Para entonces, algunos vecinos, descontentos con la actual junta y solidarios con mi causa, decidieron seguir mi camino. Para apoyarnos, resolvimos federarnos y escribir unos nuevos estatutos. El asunto entrañaba ciertas dificultades de orden práctico ya que cada nueva república apartamenticia estaba en un piso diferente. Sin embargo, no nos desanimanos. Todo lo contrario. Surgieron iniciativas innovadoras y, en cierto modo, peregrinas, como la que proponía ocupar casas adyacentes para unir los nuevos territorios federados.
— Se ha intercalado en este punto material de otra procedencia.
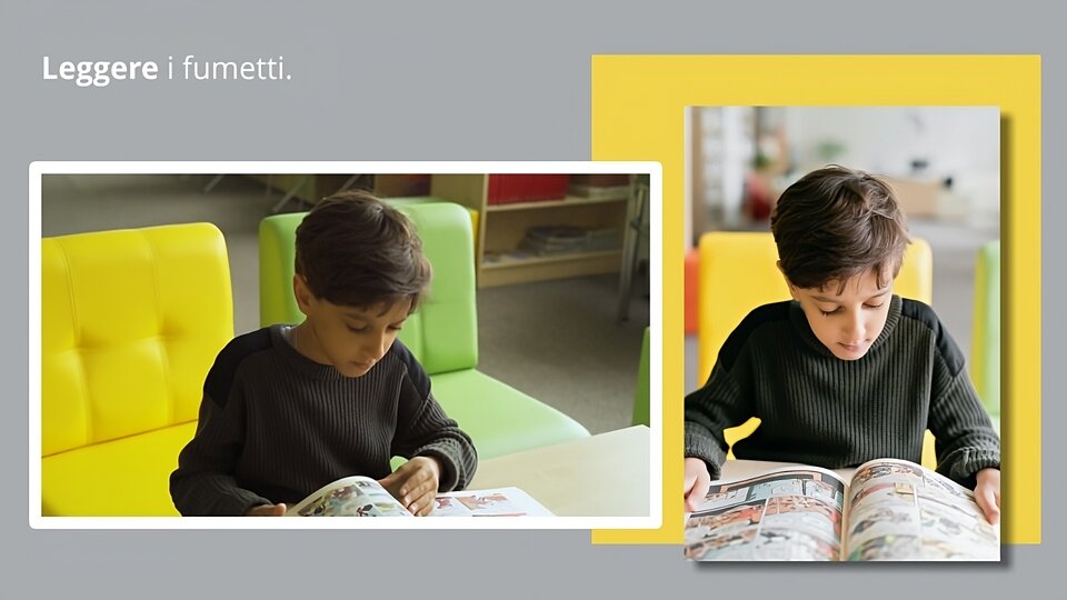 9. | Slajd przedstawia krótki film, na którym młody chłopak przewraca strony w komiksie. Po prawej znajduje się zdjęcie tego samego chłopca czytającego komiks. Powyżej znajduje się tekst: „Leggere i fumetti.” | Non ami la tecnologia, ma la lettura, però studi una lingua straniera da poco? Allora perché non inizi dai fumetti? Hanno molti disegni e poco testo! |

El asunto entrañaba tales dificultades jurídico-estratégicas que la idea se desechó enseguida, lo cual no evitó una escalada verbal sin parangón en nuestra joven historia, que derivó en una guerra fría abiertamente declarada entre la nueva federación y la vieja junta.
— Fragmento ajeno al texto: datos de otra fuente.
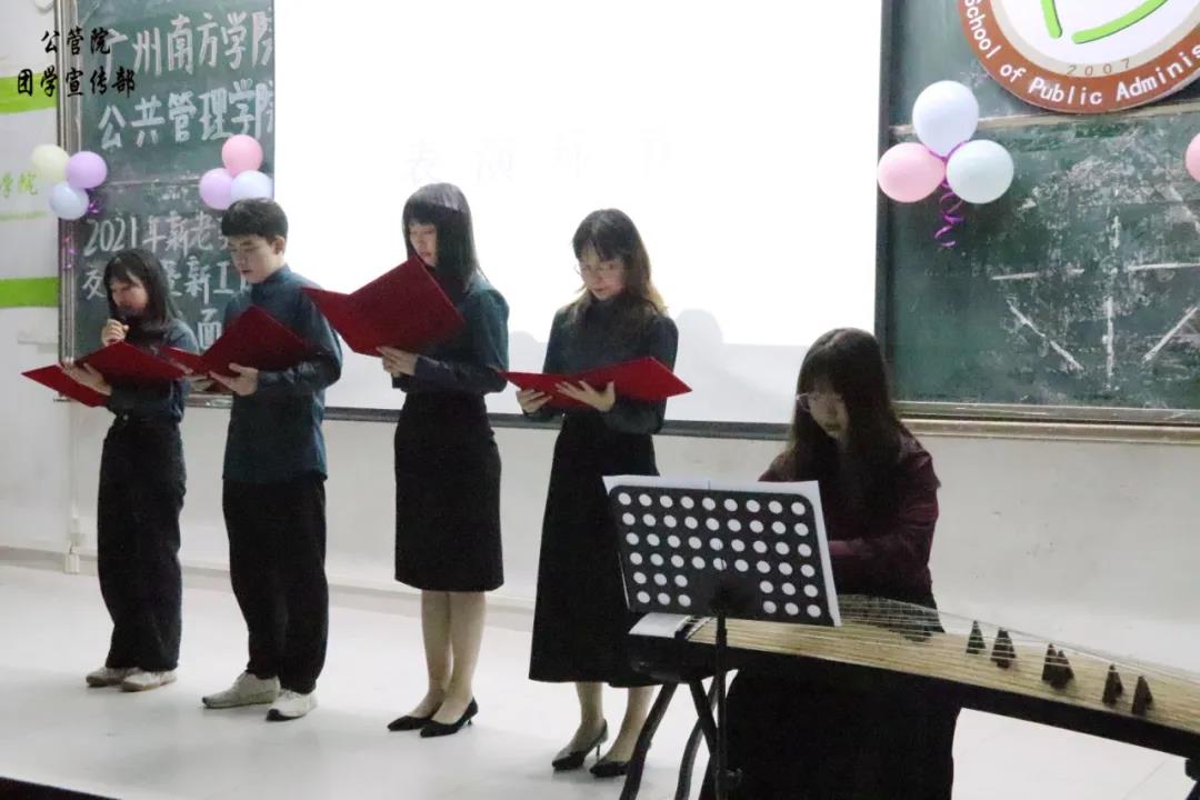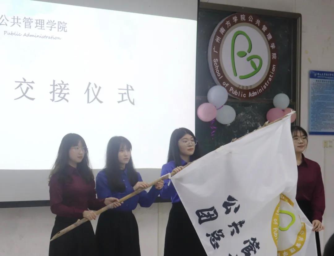 接着进行交接旗仪式,新一届团总支副书记马铭蔚同志与学生会执行主席张文峰同学在上一届团总支学生会干部的手中接过公管团学的代表旗,代表着新老委员的交接,也代表着公管团学的传承。

Fue entonces cuando mi mujer, siempre más sensata que yo en estos casos, sugirió:

—No nos estaremos pasando un poco.

Yo la miré sin saber qué decir. Dirigí la mirada luego a mi perro, por recabar también su opinión. Txopo ladró, luego gruñó y, finalmente, se dirigió a proteger la puerta, donde antes estaba su querido felpudo.

—Pues está todo dicho.

Mi mujer se encogió de hombros. Yo encendí la tele. Desde que estábamos confederados teníamos acceso a la televisión por satélite del vecino del tercero. Tomé asiento en mi sillón. Desde que era primer ministro se notaba más cómodo, más mullido, más señorial. También mi mujer tenía un aire distinto, más exclusivo, más elegante. Incluso mi perro había ganado en pedigrí. Cómo dar marcha atrás ahora que todo iba sobre ruedas. Ahora  que podía ver el fútbol en directo sin pagar la cuota mensual.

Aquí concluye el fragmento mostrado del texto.